Mr. Obama saw his first reform bill evaporate when the seat held by the late senator Ted Kennedy fell in a special election to Republican Scott Brown, leaving Democrats one vote short of the 60 needed to avert delay tactics by Senate Republicans, who were universally opposed to the bill. His grip on House Democrats weakened, with anti-abortionists and liberals each throwing up objections.
The decision to try health care reform in the first place confused many loyalists. Many thought Mr. Obama should spend his political capital on tackling joblessness or financial reform. And with Mr. Brown's victory, many said the lesson was to be more conciliatory, and to moderate the reform's ambition.
Rather than ceding the agenda, Mr. Obama redoubled his efforts. In private, he worked more closely with Congressional allies, realizing that the previous strategy of leaving most of the details to them had failed.
His public political stagecraft included a summit with Republicans, showing his commitment to a solution that could, on the right terms, include them. In speeches, Mr. Obama relayed the personal tales of suffering by those without health care insurance, and the collective story of pending rate increases that dominant insurance companies were about to foist on their policy-holders.

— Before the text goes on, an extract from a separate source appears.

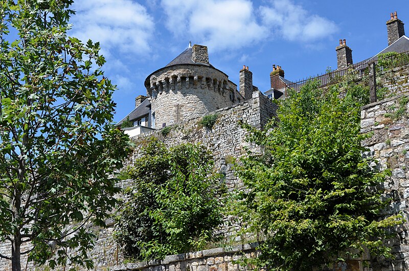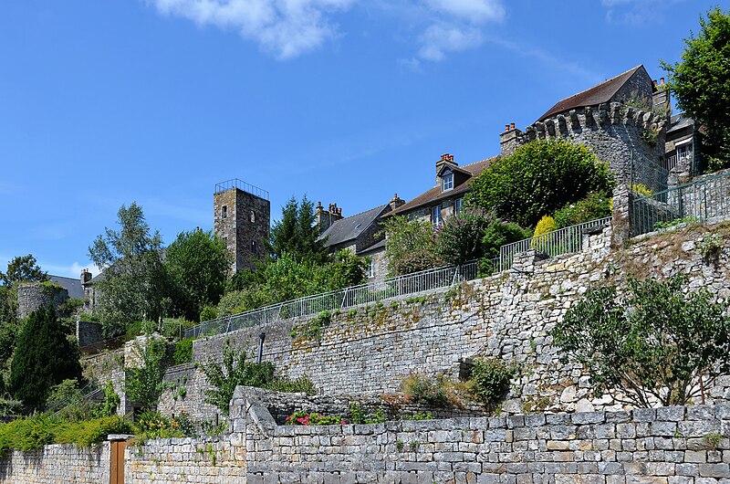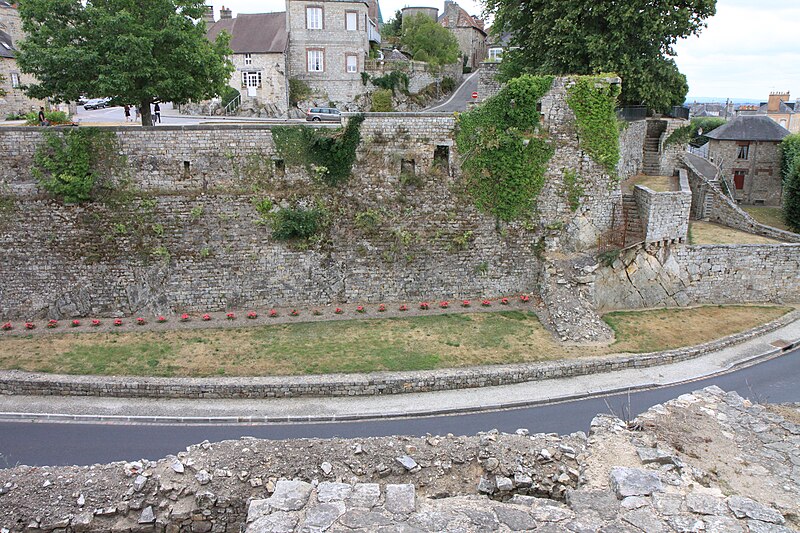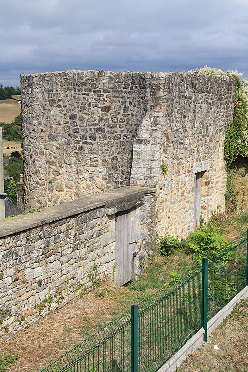 L'enceinte de la ville de Domfront est un ouvrage défensif médiéval dont les vestiges se dressent dans la commune nouvelle de Domfront en Poiraie, dans le département de l'Orne, en Normandie. La ville s'est formée vers 1014 autour d'un château probablement en bois élevé par Guillaume de Bellême ; la basse-cour était alors entourée d'une palissade. Entre 1289 et 1304, Robert II d'Artois fit édifier une enceinte comportant vingt-quatre tours. Aux XIIe et XIIIe siècles, le rocher et la ville furent ainsi entourés d'une puissante muraille percée de quatre portes, dont la porte d'Alençon encadrée de deux flanquements cylindriques. En 1382, Pierre d'Alençon hérita de la seigneurie et fit réparer les fortifications et construire la porte d'Alençon. La place dut subir plusieurs sièges, notamment en 1204 sous la conduite de Philippe Auguste, et lors des guerres de Religion où elle fut prise par le comte de Matignon avec Gabriel Ier de Montgommery. Au XVIIe siècle, les remparts, devenus sans importance militaire et coûteux à entretenir, furent vendus à des particuliers ; certaines tours couvertes et habitées furent conservées, d'autres furent abandonnées, mutilées ou détruites pour réemploi des matériaux. Les remparts urbains furent en partie démantelés en 1610 après la soumission du château à Henri IV, et l'enceinte servit encore, en 1795, de quartier général à Louis de Frotté. Sur les vingt-quatre tours originelles, quatorze subsistent aujourd'hui. La ville subit de nombreux bombardements en 1944, mais elle conserve encore un nombre important de vestiges. L'enceinte reste lisible dans le tissu urbain, notamment le long des rues Montgomery et des Fossés-Plisson au sud, des Barbacanes à l'est, et de la rue de la Poterne jusqu'au Belvédère au nord ; sept tours du front sud, assez bien conservées, sont en partie intégrées aux maisons particulières. On y observe de grosses tours rondes à mâchicoulis, parmi lesquelles figurent les tours Guérin-Lécrivain, Lafaye ou Chicault, Coroller — la mieux conservée — Bigeon, Patry, Chemineau et d'Alençon, située au-dessus de la promenade des Fossés-Plisson ; la poterne au nord se trouve à l'angle de la rue de la Poterne et de la ruelle du Pissot, et la porte de Brière, percée entre les deux tours jumelles dites tours Godras, est aujourd'hui écrêtée. Les restes des deux tours de l'ancienne poterne du château de Gadras sont classés au titre des monuments historiques par arrêté du 9 avril 1929, et les murs d'enceinte, les tours et les vestiges de remparts ont été classés par arrêté du 13 octobre 1988. L'enceinte de Domfront constitue un témoignage important de l'architecture militaire médiévale conservé au cœur du centre-ville.

Mr. Obama seized the public agenda by assuming leadership and telling stories that conveyed a richer, more compelling narrative than the misleading buzzwords - "socialism"; "death panels" - of his opponents. The stories, and the values that underlay them, made the moral obligation to reform health care vivid and urgent, while the opposition could summon no similar positive vision.
It was a great effort by Mr. Obama and House Speaker Nancy Pelosi, but in service of the modest objective of securing enough House Democratic votes to assure legislative success. Moreover, the likely result hews in most ways to the original plan: extending benefits to millions of Americans without resorting to a government-backed insurer, and without aggressive moves to rein in health-care cost increases.
The success, though, could be one not just for health care, but for the political system. Should the opposition to reform fail in the coming days - a failure that is in no way guaranteed- and should the public begin to enjoy the benefits of reform, the Democrats will have shown that politics can work. In a system many see as broken, that is a result worth the fight.